I genitori di Leopoldo López, che vivono in Spagna, sono preoccupati per il figlio. Ma più forte della paura è l’orgoglio per il suo esempio. A fine anno hanno ritirato in Italia il premio dell’Istituto Bruno Leoni, che ha curato la pubblicazione del libro «Chi si stanca perde» (Marsilio, prefazione di Mario Vargas Llosa), scritto da López in carcere, dove nel 2014 è stato rinchiuso a seguito di un farsesco processo politico per incitamento alla violenza e istigazione a delinquere (condanna di 13 anni e 9 mesi). Al Corriere spiegano perché il figlio non è fuggito all’estero. Leopoldo Gil: «Si è consegnato alla giustizia del regime per mostrare quanto è ingiusta, mettendo a nudo il governo, che calpesta i diritti ogni giorno. Ci sono almeno altri 350 prigionieri politici. Io stesso sono dovuto andare in esilio a seguito di un processo politico per pubblicazione della notizia che l’allora presidente dell’assemblea nazionale, Diosdado Cabello, era indagato per narcotraffico».
Antonieta, che torna spesso a Caracas, aggiunge: «Mio figlio è stato torturato, tenuto in isolamento per 35 giorni. Non gli hanno fatto vedere nessuno, neanche l’avvocato. E ha visto suo figlio più piccolo, Leopoldo, camminare per la prima volta in carcere, nel Ramo Verde, e Manuela, che oggi ha 8 anni, per tre anni ha perso il padre. Oggi Leopoldo non può fare attività politica, né parlare con i sostenitori, neanche sui social. È sequestrato».
Quando gli chiediamo qual è il ricordo più vivo del figlio, Antonieta cita la frase che ha trasformato in programma politico. «Tutti i diritti a tutti i venezuelani! Ha un significato speciale, soprattutto sotto una dittatura, come in Venezuela». A Leopoldo Gil spuntano le lacrime: «Lui l’ha sperimentata anche in carcere questa frase; c’era un altro prigioniero, di origini umili, un soldato, che aveva un bambino piccolo e ha chiesto a mio figlio di battezzarlo. Durante la cerimonia, mio figlio ha detto: “Spero che mio figlio e che il mio figlioccio vadano insieme all’università”».

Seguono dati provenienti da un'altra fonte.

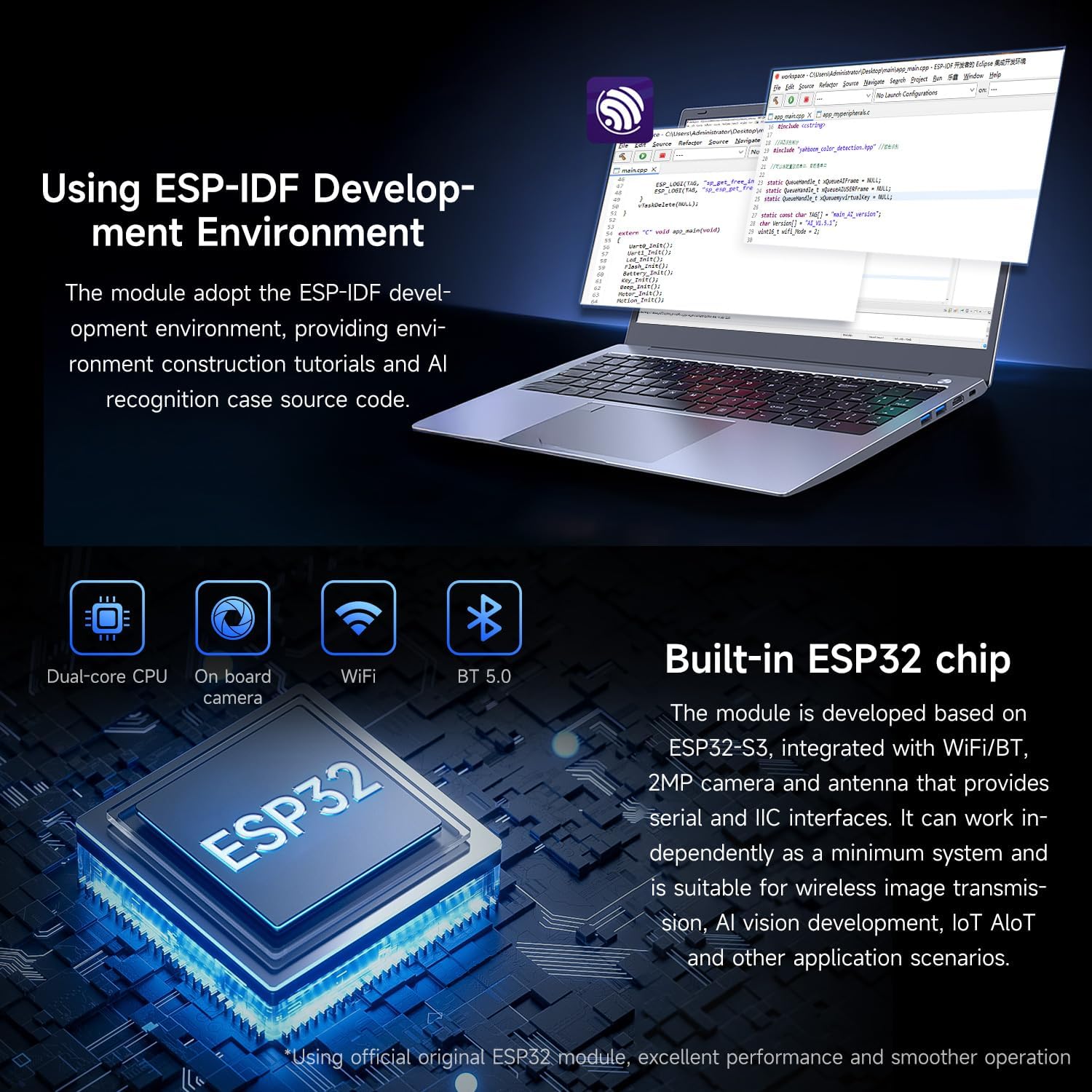 Yahboom ESP32-S3 CAM Module 2MP Camera,ESP32-S3 Chip,with Remote Control APP, Onboard Camera Wireless, Project Tutorial, Python C Code (Cam Lite Module+Board+2DOF PTZ) لینک آمازون : https://www.amazon.de/dp/B0DXF79W58?th=1&psc=1 تراشه ESP32-S3 با کارایی بالا و دوربین 2 مگاپیکسلی: مجهز به تراشه ESP32-S3، اتصال WI-FI پایدار و انتقال تصویر 2 مگاپیکسلی با کیفیت بالا را فراهم می کند، عملکرد کنترل از راه دور خودروی هوشمند را ارائه می دهد، از مشاهده جریان ویدئو در زمان واقعی پشتیبانی می کند و عملیات کنترل از راه دور بصری را درک می کند. اتصال شبکه دو حالته: از حالت هات اسپات (حالت AP) و حالت کلاینت (حالت STA)، حالت هات اسپات پیش فرض پشتیبانی می کند، به شبکه WI-FI موجود نیاز نیست، عملیات ساده و فاصله انتقال می تواند به 20 متر برسد. چندین گزینه ماژول بصری: Yahboom 4 ماژول بصری را برای رفع نیازهای مختلف توسعه ارائه می دهد. برای جزئیات بیشتر، لطفا نمودار مقایسه محصول را ببینید. سازگاری گسترده: مناسب برای STM32، MSPM0G3507، BBCmicrobit، Ard-uino و سایر میکروکنترلرها و همچنین می تواند از طریق پورت سریال به Raspberry-Pi، سری Jetson، RDK و سایر کنترلرهای اصلی متصل شود. اطلاعات کد را ارائه دهید: کد زیربنایی منبع باز است و برای کاربران با پایه برنامه نویسی مناسب است. ماژول انتقال تصویر با استفاده از محیط توسعه ESP-IDF ساخته شده است که آموزش های ساخت محیط و کد منبع تشخیص هوش مصنوعی را ارائه می دهد.

Sembra incredibile che in Italia ci siano politici che indicano il Venezuela come modello. Com’è possibile? Per Leopoldo Gil: «solo l’ignoranza può spingere qualcuno a vedere del buono nel modello socialista di Chávez e Maduro, che ha trasformato un paese ricco di risorse naturali in un paese povero: si muore per malattie banali, il 70% della popolazione è denutrito, la criminalità è ai massimi, il 90% di chi è in carcere non è ancora stato giudicato. Andate in Venezuela, parlate con i venezuelani, vi diranno com’è la realtà».